Em nota, a prefeita Maria Antonieta de Brito declarou ao DL: “A luta pela emancipação de Vicente de Carvalho é uma bandeira que há décadas habita o imaginário político de nossa Cidade. Porém, emancipação significa, em última análise, independência, não só política, mas, sobretudo, orçamentária.

No passado, quando o Brasil assistiu à criação de vários novos municípios, que surgiram no calor de discussões alimentadas por disputas regionais e culturais, deixou-se de pensar em questões fundamentais como o planejamento urbano, o aumento por demandas de saúde, educação e infraestrutura.

E, hoje, vários destes municípios sofrem com orçamentos absolutamente precarizados, frente às necessidades de custeio de políticas públicas que exigem dos gestores cada vez mais e, que, às vezes, vem fundamentalmente de repasses do Fundo de Participação dos Municípios e de receitas do Governo do Estado, através de convênios.

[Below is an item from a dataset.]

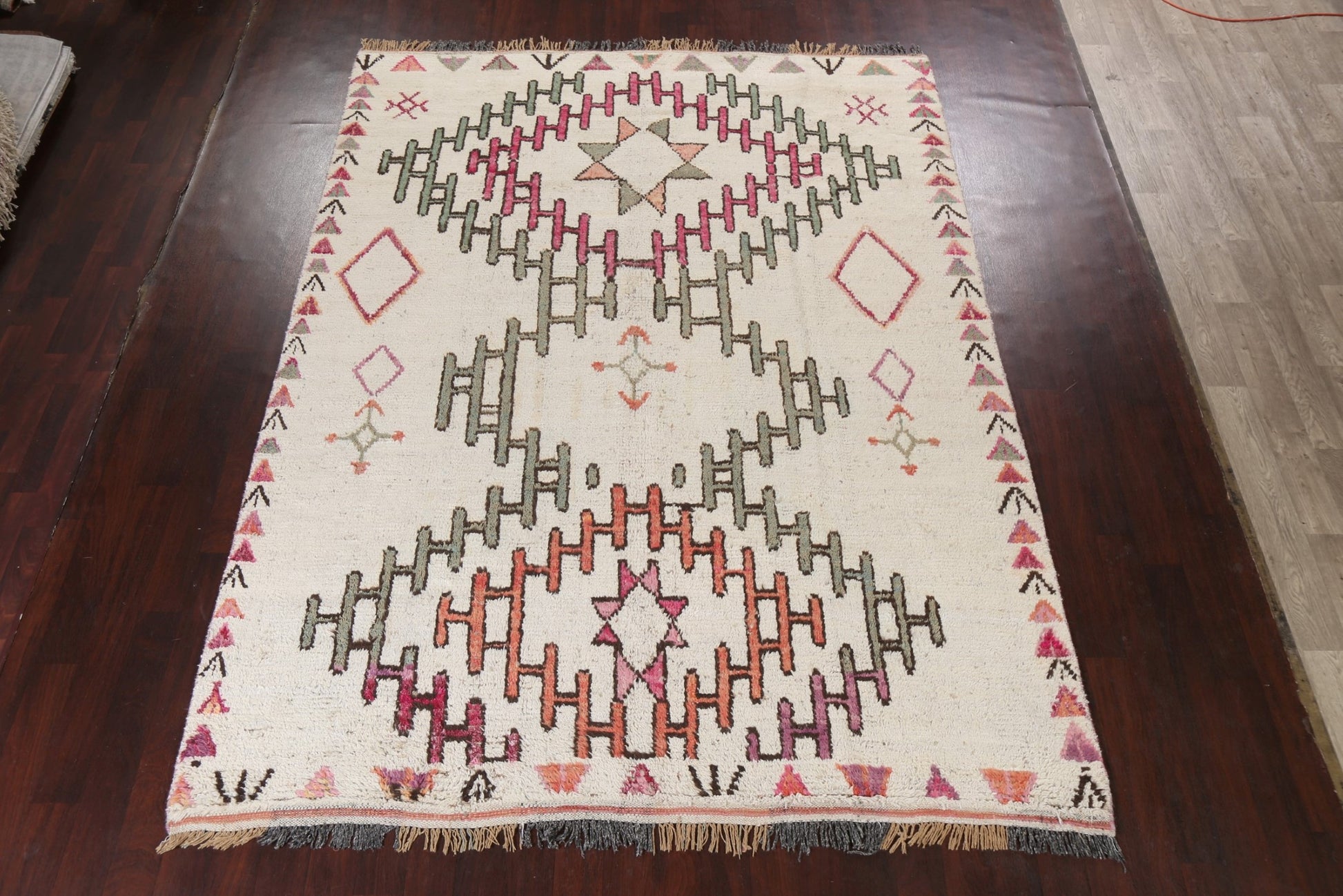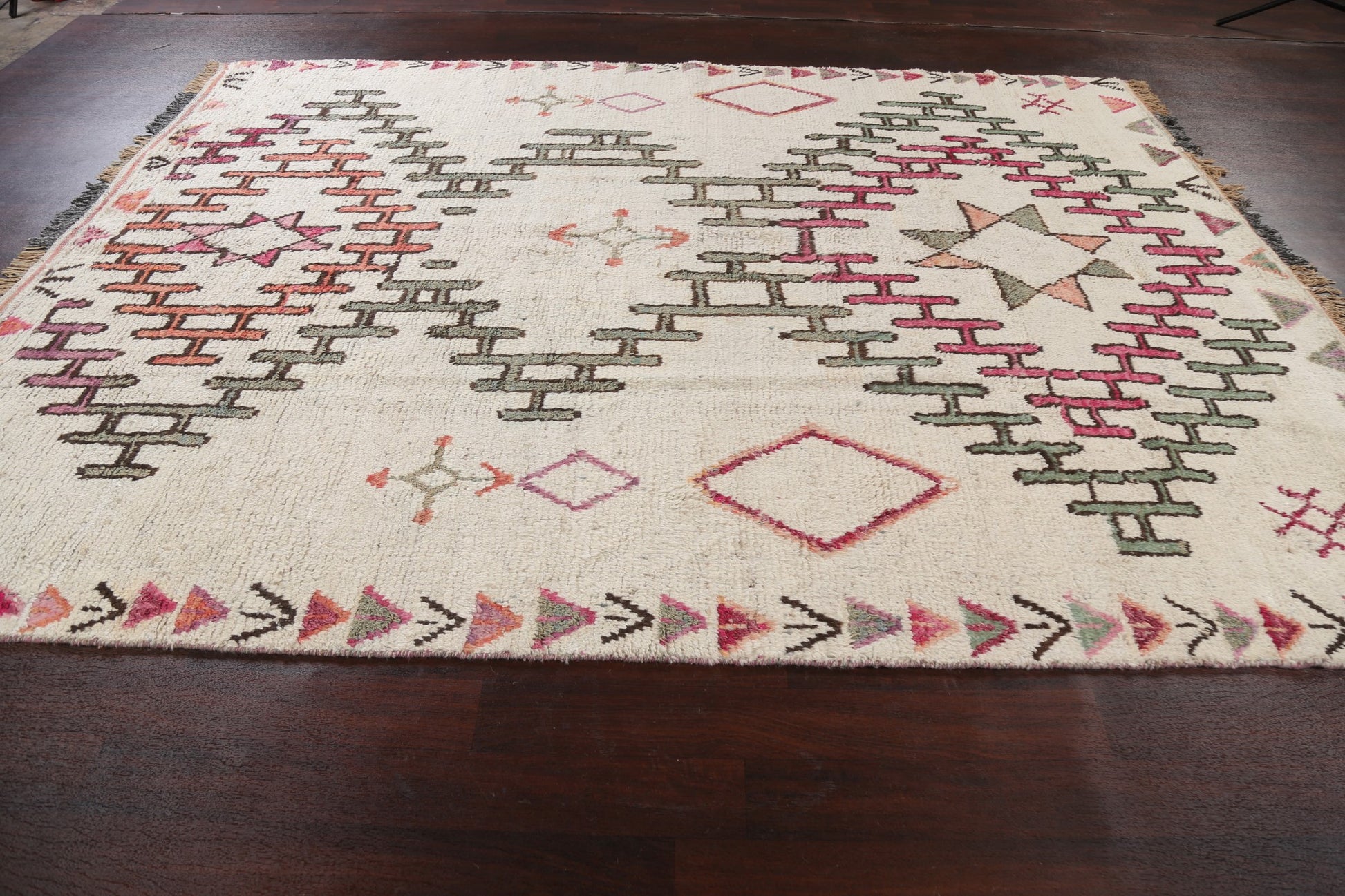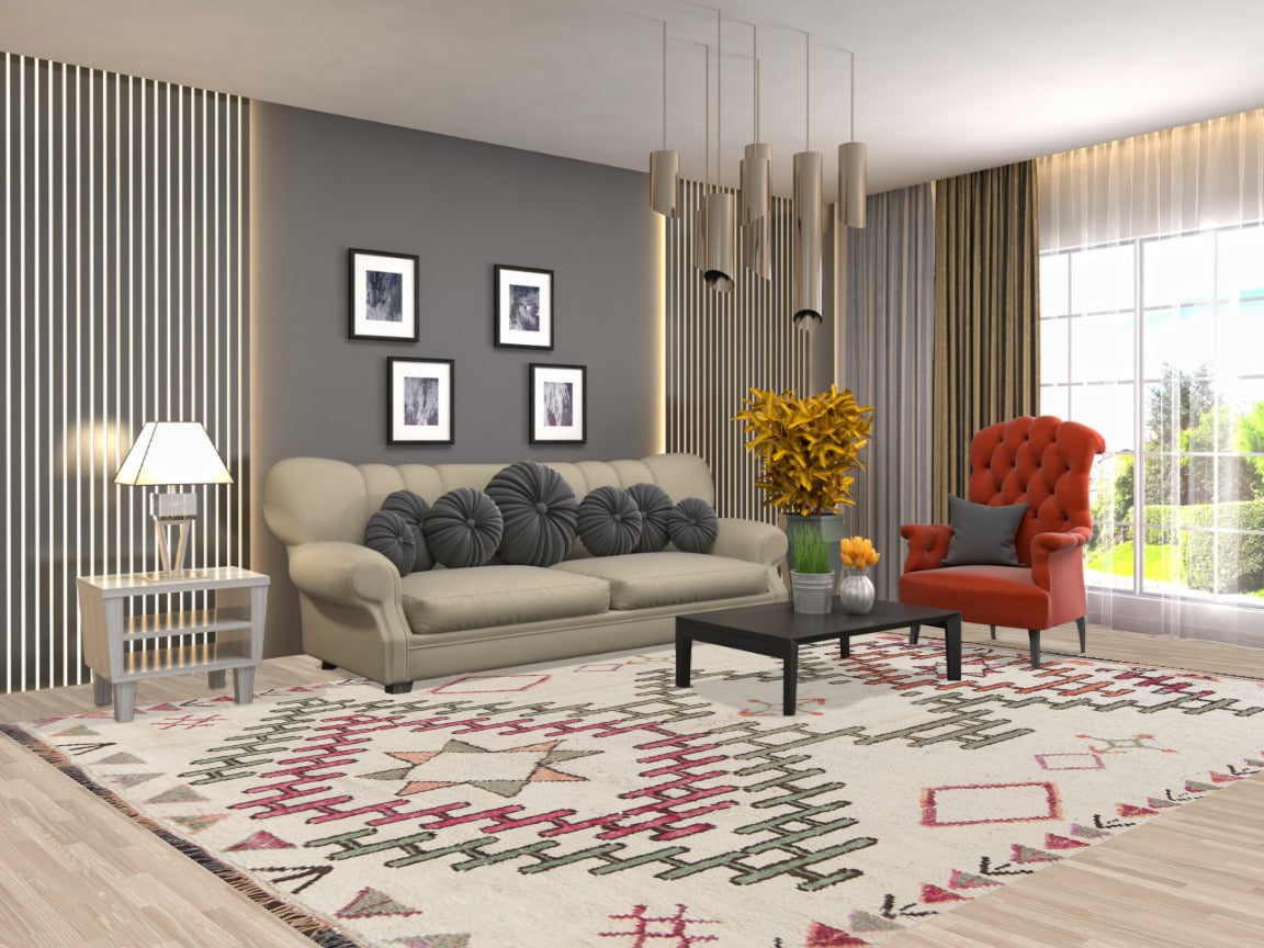 A Beautiful Genuine Morocco Moroccan rug is Hand Knotted by skillful weavers in Morocco with 100% Wool Material. This rug is in New, First Quality condition. dimensions are 11' 1'' X 8' 2'' in foot and 338 X 249 in centimeter. the primary color is Beige & Ivories.

No caso específico de Vicente de Carvalho não podemos repetir este equívoco e, portanto, é preciso colocarmos esta discussão para nossa população de forma clara e objetiva, quanto às reais possibilidades de arrecadação do distrito em relação à sede, que tipo de impostos e tributos serão destinados e o quanto isto será eficaz frente aos grandes desafios que temos e que estamos enfrentando juntos”.
É preciso ainda que:
1. Que os novos municípios tenham população igual ou maior que o mínimo regional, calculado conforme a média aritmética da população dos municípios médios brasileiros;

2. Tenham núcleo urbano consolidado e dotado de edificações para abrigar famílias em número resultante da divisão de 20% da população da área que se pretende emancipar, pelo número médio de pessoas por família, calculado pelo IBGE de cada estado;

3. Tenham receitas de arrecadação própria, considerando apenas os agentes econômicos já instalados;

4. Indicação, diante das estimativas de receita e despesas, da possibilidade de cumprir a aplicação dos recursos mínimos, previstos na Constituição, nas áreas de educação e saúde;

5. Área não pode estar situada em reserva indígena, área de preservação ambiental ou área pertencente à União.
Quem é quem

Favor: Elias José de Lima (Primavera – PSB); Givaldo dos Santos Feitoza (Givaldo do Açougue - PSD); Walter dos Santos (Nego Walter – PSB); Geraldo Soares Galvão (DEM); Jaime Ferreira de Lima Filho (Jaiminho – PMDB); Jailton Reis dos Santos (Sorriso – PPS) e Mário Lúcio da Conceição (PR).

Contra: Valdemir Batista Santana (Val – PSB) e Antônio Fidalgo Salgado Neto (Toninho Salgado – PDT).

Não decidiu: Bispo Mauro Teixeira (PRB); Luciano Lopes da Silva (PMDB); Edilson Dias (PT); Gilberto Benzi (PDT); Nelson Alves Filho (Nelsinho Filho – PMDB); Luciano de Moraes Rocha (Toddy – PMDB); Ronald Luiz Nicolaci Fincatti (PDT) e Marcelo Squassoni (PRB).

FONTE: Diário do Litoral.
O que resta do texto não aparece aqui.